## Exercise description
When you copy the material below, keep every line exact and omit the pictures.

## Extracted entries
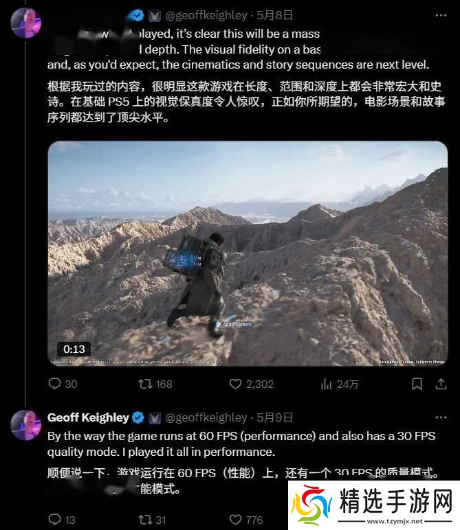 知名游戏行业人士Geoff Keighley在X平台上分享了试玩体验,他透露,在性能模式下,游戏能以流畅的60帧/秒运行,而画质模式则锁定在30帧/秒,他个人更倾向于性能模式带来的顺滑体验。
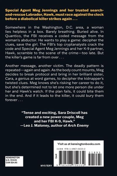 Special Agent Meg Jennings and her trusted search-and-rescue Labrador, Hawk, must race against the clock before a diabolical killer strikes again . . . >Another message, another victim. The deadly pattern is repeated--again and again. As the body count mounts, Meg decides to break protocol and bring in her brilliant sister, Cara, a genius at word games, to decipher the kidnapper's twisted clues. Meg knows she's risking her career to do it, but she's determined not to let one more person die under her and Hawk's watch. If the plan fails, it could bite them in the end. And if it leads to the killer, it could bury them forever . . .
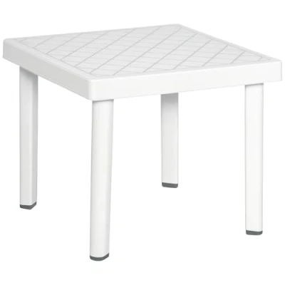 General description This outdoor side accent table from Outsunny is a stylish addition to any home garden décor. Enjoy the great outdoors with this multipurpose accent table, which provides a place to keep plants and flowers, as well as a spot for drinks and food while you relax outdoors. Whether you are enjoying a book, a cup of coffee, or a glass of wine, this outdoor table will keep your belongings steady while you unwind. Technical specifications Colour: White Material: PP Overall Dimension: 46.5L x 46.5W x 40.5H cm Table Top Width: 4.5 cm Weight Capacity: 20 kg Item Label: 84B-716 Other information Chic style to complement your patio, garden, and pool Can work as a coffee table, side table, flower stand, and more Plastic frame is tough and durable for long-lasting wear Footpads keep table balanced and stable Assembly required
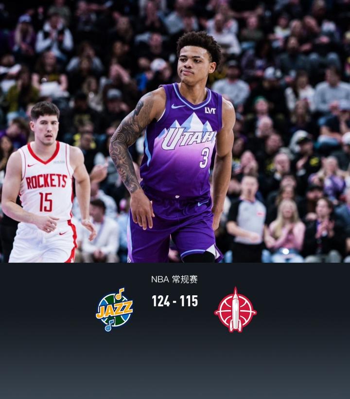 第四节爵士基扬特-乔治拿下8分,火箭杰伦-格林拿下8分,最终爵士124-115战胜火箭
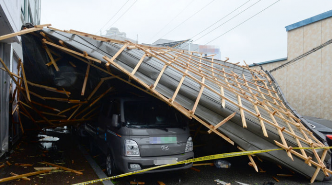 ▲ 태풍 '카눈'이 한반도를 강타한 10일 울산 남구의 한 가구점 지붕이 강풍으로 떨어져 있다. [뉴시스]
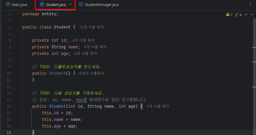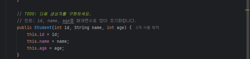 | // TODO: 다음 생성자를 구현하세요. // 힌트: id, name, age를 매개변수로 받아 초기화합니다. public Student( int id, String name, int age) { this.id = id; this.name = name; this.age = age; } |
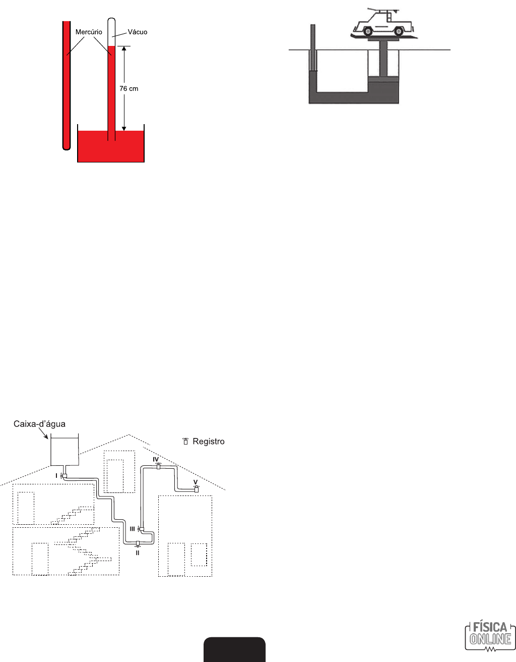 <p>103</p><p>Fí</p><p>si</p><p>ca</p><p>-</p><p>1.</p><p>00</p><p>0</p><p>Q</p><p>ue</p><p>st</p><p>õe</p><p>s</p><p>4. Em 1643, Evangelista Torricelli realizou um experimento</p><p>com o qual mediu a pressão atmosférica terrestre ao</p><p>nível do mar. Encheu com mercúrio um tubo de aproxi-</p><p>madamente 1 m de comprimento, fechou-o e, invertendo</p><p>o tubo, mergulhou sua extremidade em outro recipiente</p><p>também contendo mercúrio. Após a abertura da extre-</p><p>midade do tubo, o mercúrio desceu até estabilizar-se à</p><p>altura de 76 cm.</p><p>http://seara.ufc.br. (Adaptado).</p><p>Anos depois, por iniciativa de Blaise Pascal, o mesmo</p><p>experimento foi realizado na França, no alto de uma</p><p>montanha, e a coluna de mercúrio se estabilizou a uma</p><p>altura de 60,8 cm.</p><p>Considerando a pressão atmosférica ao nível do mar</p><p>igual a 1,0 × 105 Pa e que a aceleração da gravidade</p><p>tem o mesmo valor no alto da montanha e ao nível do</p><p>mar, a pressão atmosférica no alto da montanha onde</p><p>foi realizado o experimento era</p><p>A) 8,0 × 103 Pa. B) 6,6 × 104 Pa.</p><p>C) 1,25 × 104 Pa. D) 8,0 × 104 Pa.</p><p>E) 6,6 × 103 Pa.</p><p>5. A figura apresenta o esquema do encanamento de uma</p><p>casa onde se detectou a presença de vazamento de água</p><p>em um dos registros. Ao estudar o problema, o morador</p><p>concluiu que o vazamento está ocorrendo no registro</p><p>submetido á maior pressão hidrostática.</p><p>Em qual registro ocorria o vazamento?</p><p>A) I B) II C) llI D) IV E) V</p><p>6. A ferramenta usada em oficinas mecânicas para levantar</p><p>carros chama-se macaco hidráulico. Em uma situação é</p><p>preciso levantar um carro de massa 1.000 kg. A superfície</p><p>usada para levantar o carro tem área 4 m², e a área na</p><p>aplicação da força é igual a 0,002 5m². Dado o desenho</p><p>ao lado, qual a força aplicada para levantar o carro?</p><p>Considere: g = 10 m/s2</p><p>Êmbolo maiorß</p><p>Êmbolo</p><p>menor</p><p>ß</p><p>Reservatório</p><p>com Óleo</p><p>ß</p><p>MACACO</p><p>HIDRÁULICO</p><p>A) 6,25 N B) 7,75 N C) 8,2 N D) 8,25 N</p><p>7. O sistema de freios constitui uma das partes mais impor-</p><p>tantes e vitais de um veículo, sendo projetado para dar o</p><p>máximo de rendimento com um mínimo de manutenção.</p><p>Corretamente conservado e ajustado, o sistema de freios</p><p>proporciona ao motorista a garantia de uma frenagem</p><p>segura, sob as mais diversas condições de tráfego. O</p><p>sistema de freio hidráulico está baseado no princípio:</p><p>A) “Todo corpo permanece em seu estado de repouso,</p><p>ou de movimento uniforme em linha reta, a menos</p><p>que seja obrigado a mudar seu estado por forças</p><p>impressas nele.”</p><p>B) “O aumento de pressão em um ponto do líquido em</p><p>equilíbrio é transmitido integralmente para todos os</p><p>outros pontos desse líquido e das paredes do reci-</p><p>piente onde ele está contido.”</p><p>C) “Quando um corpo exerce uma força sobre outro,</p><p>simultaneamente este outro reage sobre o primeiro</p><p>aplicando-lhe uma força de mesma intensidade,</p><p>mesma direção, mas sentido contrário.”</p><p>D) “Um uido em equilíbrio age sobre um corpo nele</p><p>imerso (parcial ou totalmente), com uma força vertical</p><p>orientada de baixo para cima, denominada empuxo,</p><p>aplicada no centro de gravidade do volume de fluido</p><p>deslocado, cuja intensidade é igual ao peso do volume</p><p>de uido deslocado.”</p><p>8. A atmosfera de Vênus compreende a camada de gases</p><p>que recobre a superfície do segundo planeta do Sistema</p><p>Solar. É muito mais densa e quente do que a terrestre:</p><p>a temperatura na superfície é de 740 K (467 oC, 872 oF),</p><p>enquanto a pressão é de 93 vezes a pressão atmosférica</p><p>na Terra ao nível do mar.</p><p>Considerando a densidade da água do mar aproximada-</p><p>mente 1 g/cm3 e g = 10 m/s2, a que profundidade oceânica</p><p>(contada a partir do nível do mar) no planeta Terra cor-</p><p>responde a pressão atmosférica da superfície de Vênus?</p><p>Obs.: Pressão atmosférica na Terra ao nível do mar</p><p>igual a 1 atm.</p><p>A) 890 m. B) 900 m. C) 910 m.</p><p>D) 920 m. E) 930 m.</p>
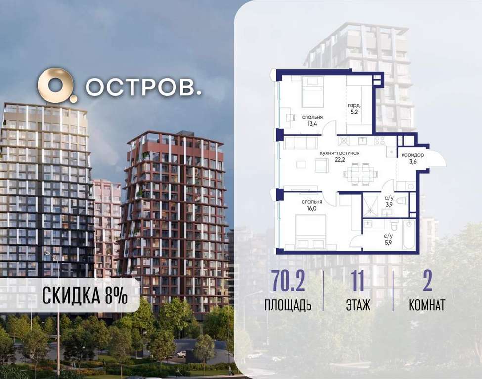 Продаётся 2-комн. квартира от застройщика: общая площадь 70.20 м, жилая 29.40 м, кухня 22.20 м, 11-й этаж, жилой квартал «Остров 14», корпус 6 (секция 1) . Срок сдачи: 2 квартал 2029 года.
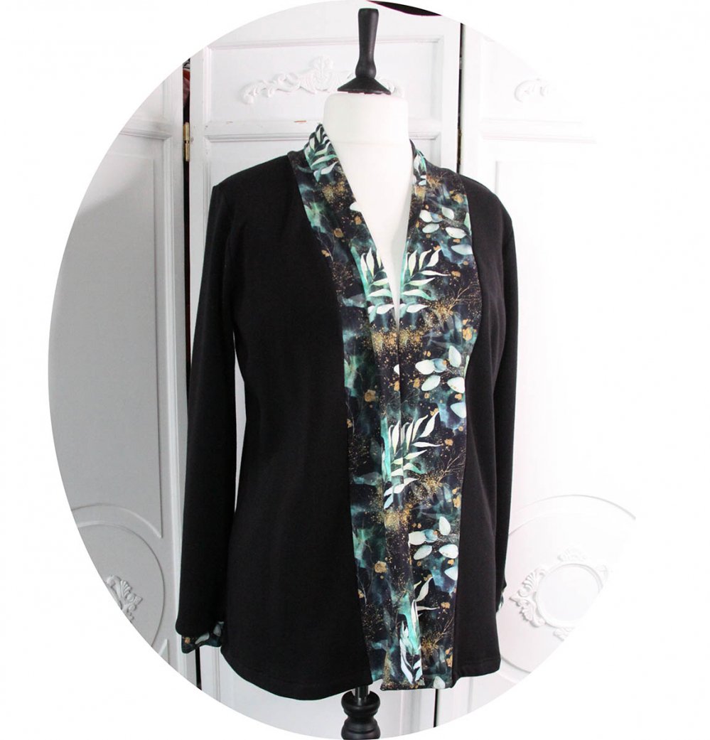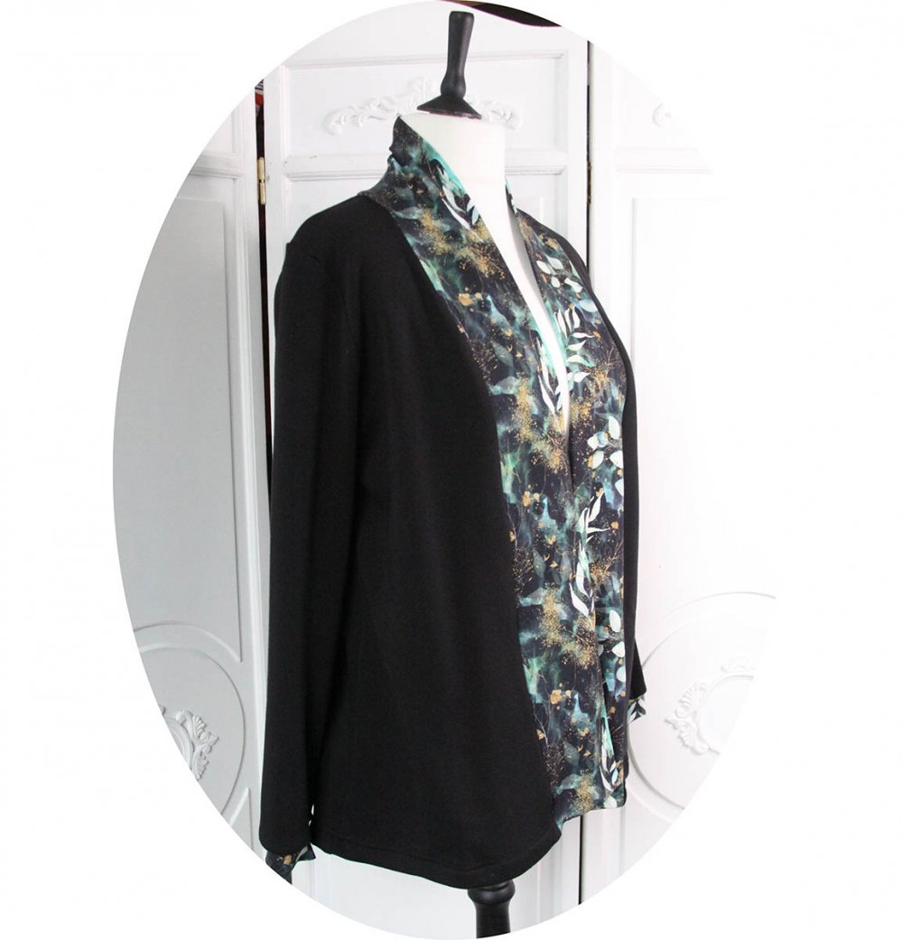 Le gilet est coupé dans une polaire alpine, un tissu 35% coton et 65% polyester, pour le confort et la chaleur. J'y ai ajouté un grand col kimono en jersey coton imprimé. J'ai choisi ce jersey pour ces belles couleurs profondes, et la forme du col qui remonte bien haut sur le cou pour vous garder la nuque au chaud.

## Result below
 知名游戏行业人士Geoff Keighley在X平台上分享了试玩体验,他透露,在性能模式下,游戏能以流畅的60帧/秒运行,而画质模式则锁定在30帧/秒,他个人更倾向于性能模式带来的顺滑体验。
 Special Agent Meg Jennings and her trusted search-and-rescue Labrador, Hawk, must race against the clock before a diabolical killer strikes again . . . >Another message, another victim. The deadly pattern is repeated--again and again. As the body count mounts, Meg decides to break protocol and bring in her brilliant sister, Cara, a genius at word games, to decipher the kidnapper's twisted clues. Meg knows she's risking her career to do it, but she's determined not to let one more person die under her and Hawk's watch. If the plan fails, it could bite them in the end. And if it leads to the killer, it could bury them forever . . .
 General description This outdoor side accent table from Outsunny is a stylish addition to any home garden décor. Enjoy the great outdoors with this multipurpose accent table, which provides a place to keep plants and flowers, as well as a spot for drinks and food while you relax outdoors. Whether you are enjoying a book, a cup of coffee, or a glass of wine, this outdoor table will keep your belongings steady while you unwind. Technical specifications Colour: White Material: PP Overall Dimension: 46.5L x 46.5W x 40.5H cm Table Top Width: 4.5 cm Weight Capacity: 20 kg Item Label: 84B-716 Other information Chic style to complement your patio, garden, and pool Can work as a coffee table, side table, flower stand, and more Plastic frame is tough and durable for long-lasting wear Footpads keep table balanced and stable Assembly required
 第四节爵士基扬特-乔治拿下8分,火箭杰伦-格林拿下8分,最终爵士124-115战胜火箭
 ▲ 태풍 '카눈'이 한반도를 강타한 10일 울산 남구의 한 가구점 지붕이 강풍으로 떨어져 있다. [뉴시스]
 | // TODO: 다음 생성자를 구현하세요. // 힌트: id, name, age를 매개변수로 받아 초기화합니다. public Student( int id, String name, int age) { this.id = id; this.name = name; this.age = age; } |
 <p>103</p><p>Fí</p><p>si</p><p>ca</p><p>-</p><p>1.</p><p>00</p><p>0</p><p>Q</p><p>ue</p><p>st</p><p>õe</p><p>s</p><p>4. Em 1643, Evangelista Torricelli realizou um experimento</p><p>com o qual mediu a pressão atmosférica terrestre ao</p><p>nível do mar. Encheu com mercúrio um tubo de aproxi-</p><p>madamente 1 m de comprimento, fechou-o e, invertendo</p><p>o tubo, mergulhou sua extremidade em outro recipiente</p><p>também contendo mercúrio. Após a abertura da extre-</p><p>midade do tubo, o mercúrio desceu até estabilizar-se à</p><p>altura de 76 cm.</p><p>http://seara.ufc.br. (Adaptado).</p><p>Anos depois, por iniciativa de Blaise Pascal, o mesmo</p><p>experimento foi realizado na França, no alto de uma</p><p>montanha, e a coluna de mercúrio se estabilizou a uma</p><p>altura de 60,8 cm.</p><p>Considerando a pressão atmosférica ao nível do mar</p><p>igual a 1,0 × 105 Pa e que a aceleração da gravidade</p><p>tem o mesmo valor no alto da montanha e ao nível do</p><p>mar, a pressão atmosférica no alto da montanha onde</p><p>foi realizado o experimento era</p><p>A) 8,0 × 103 Pa. B) 6,6 × 104 Pa.</p><p>C) 1,25 × 104 Pa. D) 8,0 × 104 Pa.</p><p>E) 6,6 × 103 Pa.</p><p>5. A figura apresenta o esquema do encanamento de uma</p><p>casa onde se detectou a presença de vazamento de água</p><p>em um dos registros. Ao estudar o problema, o morador</p><p>concluiu que o vazamento está ocorrendo no registro</p><p>submetido á maior pressão hidrostática.</p><p>Em qual registro ocorria o vazamento?</p><p>A) I B) II C) llI D) IV E) V</p><p>6. A ferramenta usada em oficinas mecânicas para levantar</p><p>carros chama-se macaco hidráulico. Em uma situação é</p><p>preciso levantar um carro de massa 1.000 kg. A superfície</p><p>usada para levantar o carro tem área 4 m², e a área na</p><p>aplicação da força é igual a 0,002 5m². Dado o desenho</p><p>ao lado, qual a força aplicada para levantar o carro?</p><p>Considere: g = 10 m/s2</p><p>Êmbolo maiorß</p><p>Êmbolo</p><p>menor</p><p>ß</p><p>Reservatório</p><p>com Óleo</p><p>ß</p><p>MACACO</p><p>HIDRÁULICO</p><p>A) 6,25 N B) 7,75 N C) 8,2 N D) 8,25 N</p><p>7. O sistema de freios constitui uma das partes mais impor-</p><p>tantes e vitais de um veículo, sendo projetado para dar o</p><p>máximo de rendimento com um mínimo de manutenção.</p><p>Corretamente conservado e ajustado, o sistema de freios</p><p>proporciona ao motorista a garantia de uma frenagem</p><p>segura, sob as mais diversas condições de tráfego. O</p><p>sistema de freio hidráulico está baseado no princípio:</p><p>A) “Todo corpo permanece em seu estado de repouso,</p><p>ou de movimento uniforme em linha reta, a menos</p><p>que seja obrigado a mudar seu estado por forças</p><p>impressas nele.”</p><p>B) “O aumento de pressão em um ponto do líquido em</p><p>equilíbrio é transmitido integralmente para todos os</p><p>outros pontos desse líquido e das paredes do reci-</p><p>piente onde ele está contido.”</p><p>C) “Quando um corpo exerce uma força sobre outro,</p><p>simultaneamente este outro reage sobre o primeiro</p><p>aplicando-lhe uma força de mesma intensidade,</p><p>mesma direção, mas sentido contrário.”</p><p>D) “Um uido em equilíbrio age sobre um corpo nele</p><p>imerso (parcial ou totalmente), com uma força vertical</p><p>orientada de baixo para cima, denominada empuxo,</p><p>aplicada no centro de gravidade do volume de fluido</p><p>deslocado, cuja intensidade é igual ao peso do volume</p><p>de uido deslocado.”</p><p>8. A atmosfera de Vênus compreende a camada de gases</p><p>que recobre a superfície do segundo planeta do Sistema</p><p>Solar. É muito mais densa e quente do que a terrestre:</p><p>a temperatura na superfície é de 740 K (467 oC, 872 oF),</p><p>enquanto a pressão é de 93 vezes a pressão atmosférica</p><p>na Terra ao nível do mar.</p><p>Considerando a densidade da água do mar aproximada-</p><p>mente 1 g/cm3 e g = 10 m/s2, a que profundidade oceânica</p><p>(contada a partir do nível do mar) no planeta Terra cor-</p><p>responde a pressão atmosférica da superfície de Vênus?</p><p>Obs.: Pressão atmosférica na Terra ao nível do mar</p><p>igual a 1 atm.</p><p>A) 890 m. B) 900 m. C) 910 m.</p><p>D) 920 m. E) 930 m.</p>
 Продаётся 2-комн. квартира от застройщика: общая площадь 70.20 м, жилая 29.40 м, кухня 22.20 м, 11-й этаж, жилой квартал «Остров 14», корпус 6 (секция 1) . Срок сдачи: 2 квартал 2029 года.
 Le gilet est coupé dans une polaire alpine, un tissu 35% coton et 65% polyester, pour le confort et la chaleur. J'y ai ajouté un grand col kimono en jersey coton imprimé. J'ai choisi ce jersey pour ces belles couleurs profondes, et la forme du col qui remonte bien haut sur le cou pour vous garder la nuque au chaud.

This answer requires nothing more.